After jumping into the deep end of darkroom printing and attempting to make prints that resemble my digital output, I really have to tip my hat to those of you who make fine prints the original way. Digital alteration is clearly superior in so many ways and sitting in that red room for hours on end drives me insane sometimes. Yet I can't stop thinking about going back in and improving my prints.

At the end of the day I'd prefer to see my latest analogue attempt on the wall rather than a perfect Inkjet. I guess it feels like MY work more than the digital does.

Lachlan717
Posts: 487
Joined: 03 Aug 2012, 16:49

Re: The future of darkroom printing

Postby Lachlan717 » 18 Sep 2014, 15:33

Given I just picked up a Beseler 45 today, I guess you know where my vote/heart is!

Photomark
Posts: 38
Joined: 16 Jun 2013, 17:43
Location: Central Coast NSW

Re: The future of darkroom printing

Postby Photomark » 07 Nov 2014, 12:21

Well I finally got some fresh sheet RA4 colour paper from the US and did some 30x40cm prints from 4x5, once I got all my colour cast corrected ( not easy with a condenser enlarger ) the print quality far surpasses what I can get done at a digital lab, it just takes me 100 times longer to do, price wise there is not much difference but once I have the colour calibrated the prints are no more expensive than B&W, the only thing is that I can not find colour sheet paper here in AU and not much range in rolls.

I certainly have no intention of dismantling my darkroom yet, I never did have.

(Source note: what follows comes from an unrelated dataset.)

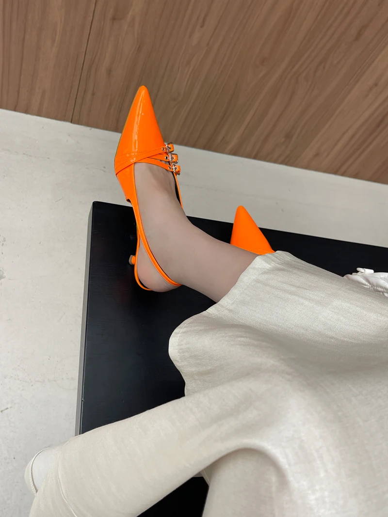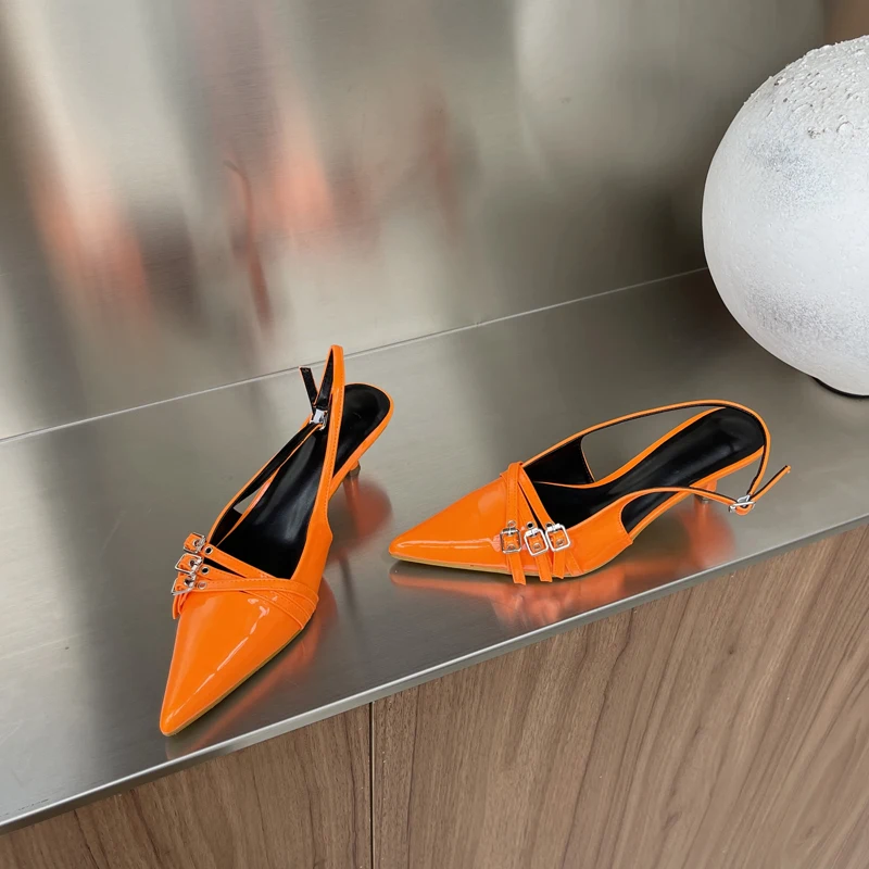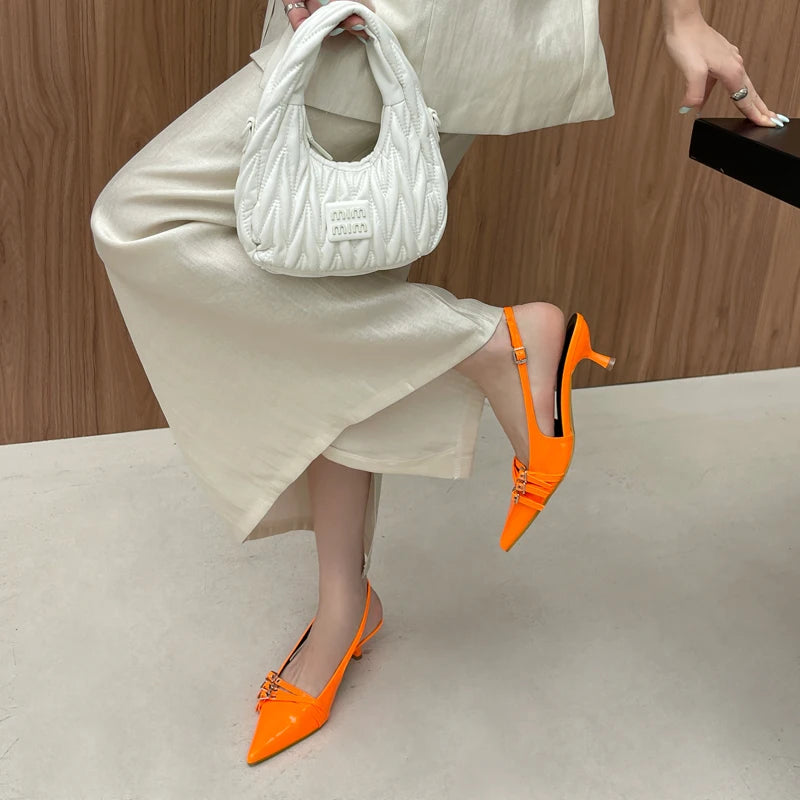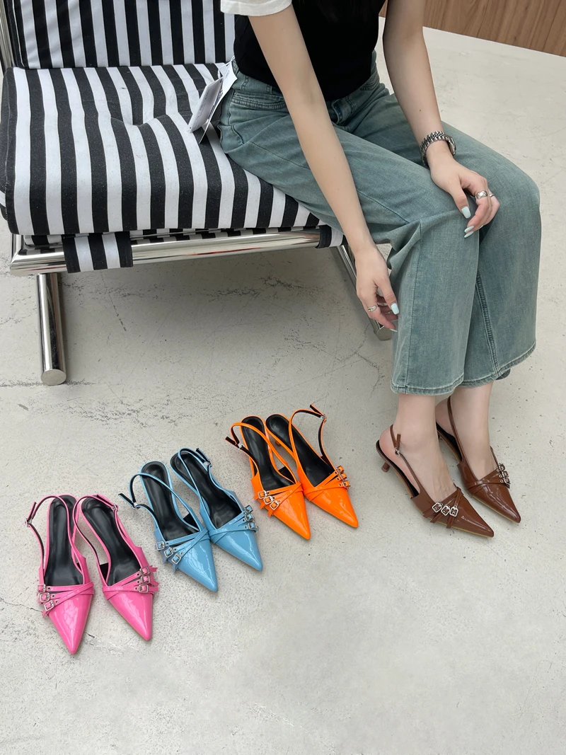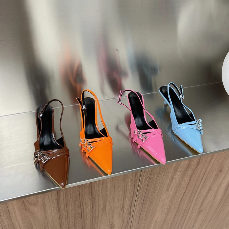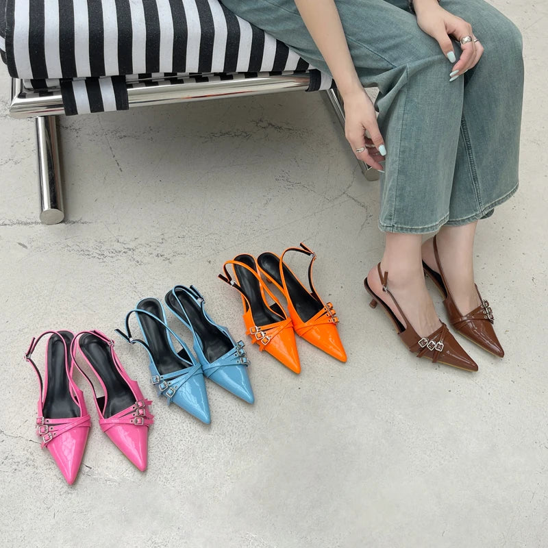 KYLETHOMASW - Orange Ladie Pumps Pink High Heels Sexy Pointed Toe Slingback Shoes Women Belt Buckle Low Heel Summer Office Shoes Blue

I am refurbishing it in fact to give me more room.

I am now also getting a lot of my supplies from BH Photo and in some cases even with postage from the US I save up to 40% over Australian prices, paper is still a bit costly to ship because of the weight but I can get it in rolls and it does work out cheaper in the long run. The only thing I do not get from the US is chemistry due to shipping restrictions but for some reason that is the one thing that is cheap in Australia but chances are it will not be available next week. I think that within 12 months there will be nothing available in Australia at all.
The market here is just to small and we are to far away from the rest of the world.
Got 4 10 sheet boxes of Kodak Ektar 100 colour print film for around $220 total, cant even find that film in AU and I like it better than Portra and that is just a few dollars more, add few extra boxes and the shipping cost does not go up that much if at all.
Keep your order under $1000 and it is all duty free. Of course it is not worth it if you are only buying a box or two of film.